I will sing unto thee, Lord, here in my exile.


Have mercy on us, for we faint with desire for thee

we will not trust in chariots or in the strength of our arms

we will make no more the graven idol and deliver unto it the blood of the calf

we will trust only in thee, Oh Lord, if thou shouldst restore us to Jerusalem

Oh Lord, who called Abram from Ur and led thy prophet Moses through the surge of the sea

we are worn thin by our groaning

poured as bitter water from a broken vessel on the sands

deliver us from darkness and the torment of this place

protect us from the lions that roar at night and leave us trembling

the beasts that would eat our flesh and drink of our blood

save us from the grave


and from the oblivion of forgetting thee and thy works

our fathers trusted in thee, and thou delivered them from evil

casting down their enemies at their feet

so we could proclaim, Oh Lord, thy greatness in all the earth

Why, Oh Lord, dost thou hide thyself from us?

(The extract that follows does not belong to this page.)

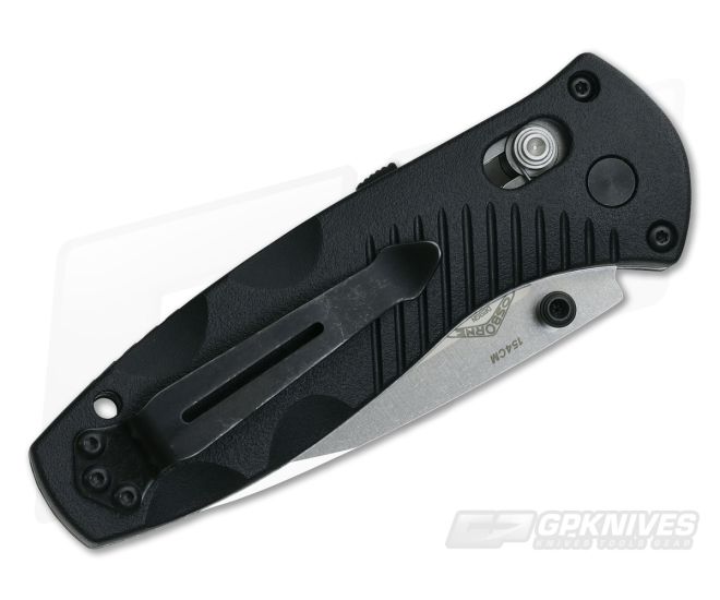 Benchmade 585 Mini Barrage with plain edge 154CM stainless steel blade and Valox handles. Features 420J stainless steel liners and reversible split arrow pocket clip. Completely ambidextrous thumb stud, locking mechanism and pocket clip. Spring assisted model with the Benchmade signature axis lock. Safety for opened and closed positions. Osborne design.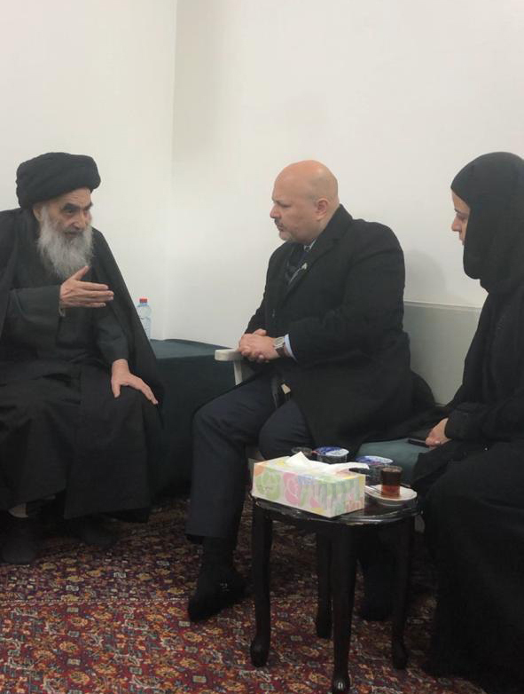 استقبل سماحة السيد السيستاني (دام ظلّه) قبل ظهر اليوم السيد كريم خان المستشار الخاص ورئيس الفريق التابع للأمم المتحدة للتحقيق حول جرائم داعش وجمع الادلة بشأنها، والسيدة نيكول الخوري الخبيرة القانونية في الفريق، ورحّب سماحة السيد بتشكيل هذا الفريق الاممي وأكّد على اهمية توثيق جرائم داعش - كما تم توثيق جرائم النازيين - وضرورة محاسبة مرتكبيها وتعريف العالم بمدى خطورة هذه الفئة الارهابية على الانسانية عامة.

why has thou forsaken us to trouble and woe?

How long, oh Lord, will Reuben weep?

How long will the women wail for Simeon in their chains?

Lord, we who dwell now amongst strangers in strange lands

we who voyage wide across thy vast and teeming firmament

we who will forget that we were thine, Oh Lord of Heaven

we who will vanish like dropped ink in a pool of still water

Lord, we say thy name and bow our heads

thou has brought us into the dust and dust we will remain

no one can keep alive his own soul, if thou dost not will it so

thou art the King of Glory, and our mouths shall say it so

until our children forget Jerusalem

until our children forget thy holy name.